Assignment. This exercise calls for every record to be returned exactly, with pictures removed.

--- Material provided ---

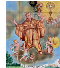
3. Sant Pasqual Bailón
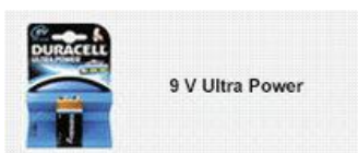
9 V Ultra Power
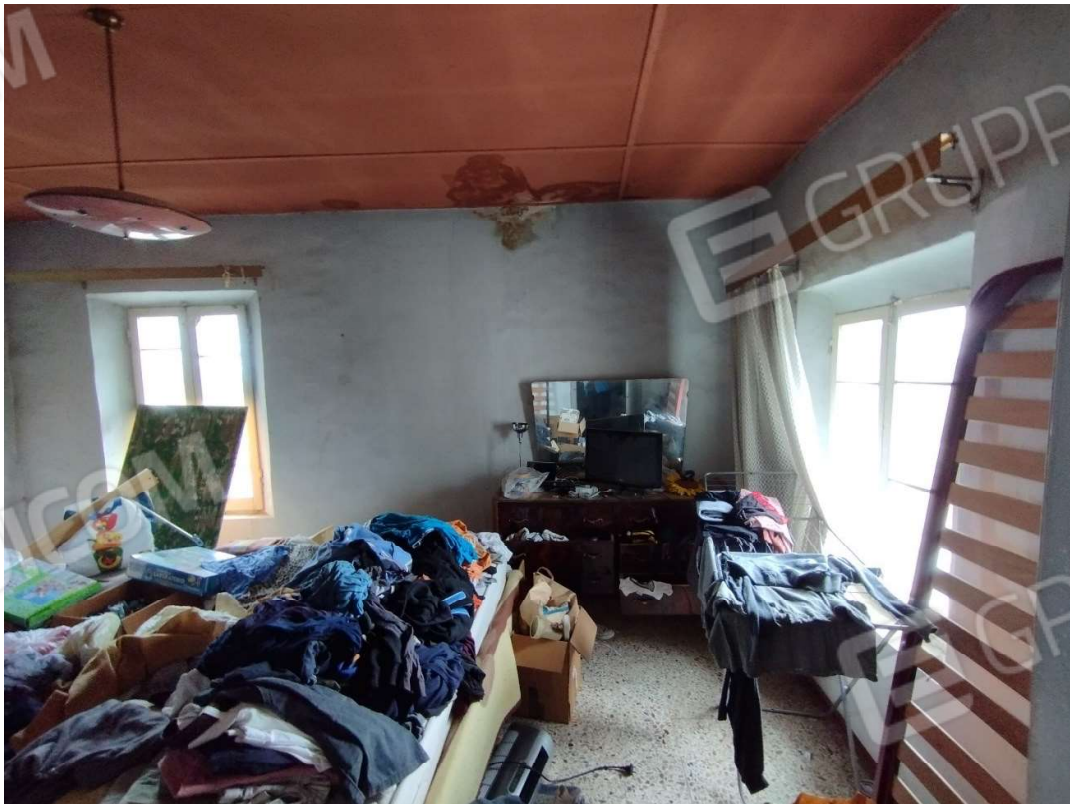
Camera da letto – Piano primo
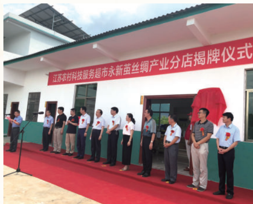
8月6日，江苏省科技厅赴永新县举行茧丝绸产业分店揭牌仪式
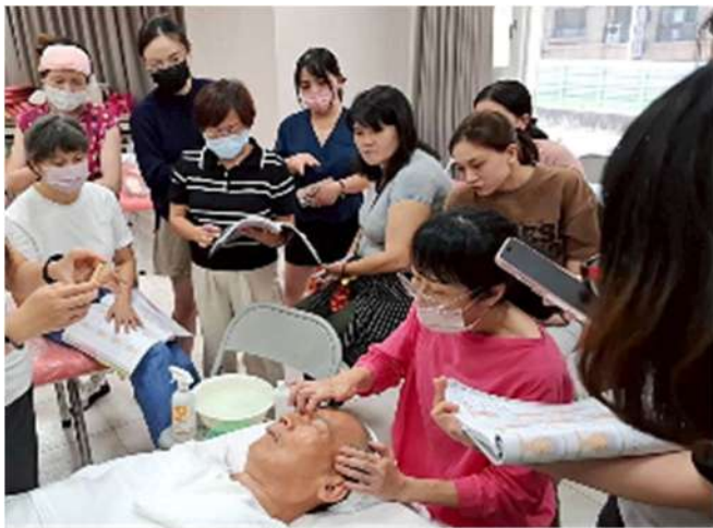
芳香美學與美膚保養全方位培訓班(新北市政府職訓中心)
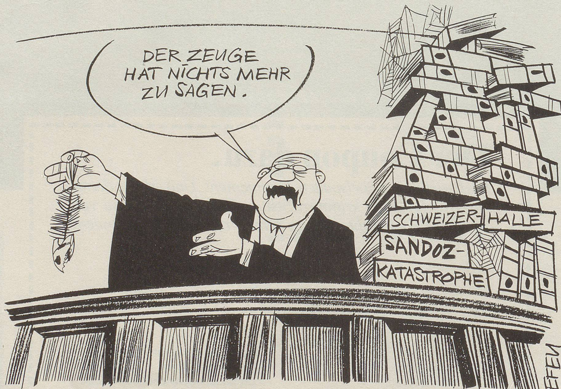
Die rechtliche Bewältigung der Katastrophe von Schweizerhalle macht enorme Fortschritte: Zwei Fernsehjournalisten, die im Bild zeigen wollten, wie qualvoll Lebewesen im Rhein nach der Vergiftung durch Chemikalien verenden mussten und dafür einen Fisch opferten, wurden zu je Fr. 100.- Busse und Übernahme der Verfahrenskosten verurteilt. Der Prozess gegen die Verantwortlichen des Brandes von Schweizerhalle liegt dagegen noch in weiter Ferne. Für die damals angerichteten Tierquälereien können sie jedenfalls nicht mehr zur Rechenschaft gezogen werden: Dieser Straftatbestand ist – zwei Jahre nach der Katastrophe – verjährt ...
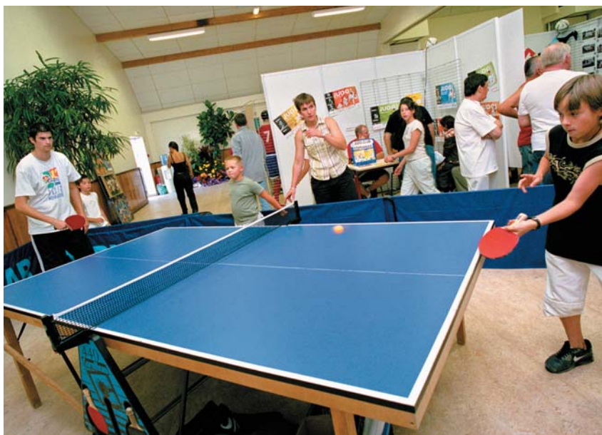
Preuve de sa volonté de rebondir : Le 3 septembre lors de la journée des loisirs, l'ASTT était présente avec une table et offrait des démonstrations.
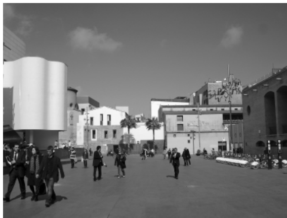
8. Plaza contenida entre edificaciones de gran porte.
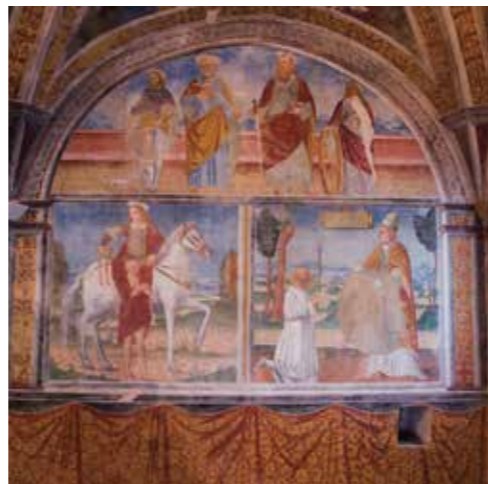
Santuario della Madonna di San Martino di Valmadrera

sopra un promontorio affacciato sulla destra del torrente Inferno. Costruita nell'Alto Medioevo, aveva originariamente funzioni di avvistamento. Alla fine del XIII secolo fu trasformata in luogo di culto. All'interno

---

Written response.
3. Sant Pasqual Bailón
9 V Ultra Power
Camera da letto – Piano primo
8月6日，江苏省科技厅赴永新县举行茧丝绸产业分店揭牌仪式
芳香美學與美膚保養全方位培訓班(新北市政府職訓中心)
Die rechtliche Bewältigung der Katastrophe von Schweizerhalle macht enorme Fortschritte: Zwei Fernsehjournalisten, die im Bild zeigen wollten, wie qualvoll Lebewesen im Rhein nach der Vergiftung durch Chemikalien verenden mussten und dafür einen Fisch opferten, wurden zu je Fr. 100.- Busse und Übernahme der Verfahrenskosten verurteilt. Der Prozess gegen die Verantwortlichen des Brandes von Schweizerhalle liegt dagegen noch in weiter Ferne. Für die damals angerichteten Tierquälereien können sie jedenfalls nicht mehr zur Rechenschaft gezogen werden: Dieser Straftatbestand ist – zwei Jahre nach der Katastrophe – verjährt ...
Preuve de sa volonté de rebondir : Le 3 septembre lors de la journée des loisirs, l'ASTT était présente avec une table et offrait des démonstrations.
8. Plaza contenida entre edificaciones de gran porte.
Santuario della Madonna di San Martino di Valmadrera

sopra un promontorio affacciato sulla destra del torrente Inferno. Costruita nell'Alto Medioevo, aveva originariamente funzioni di avvistamento. Alla fine del XIII secolo fu trasformata in luogo di culto. All'interno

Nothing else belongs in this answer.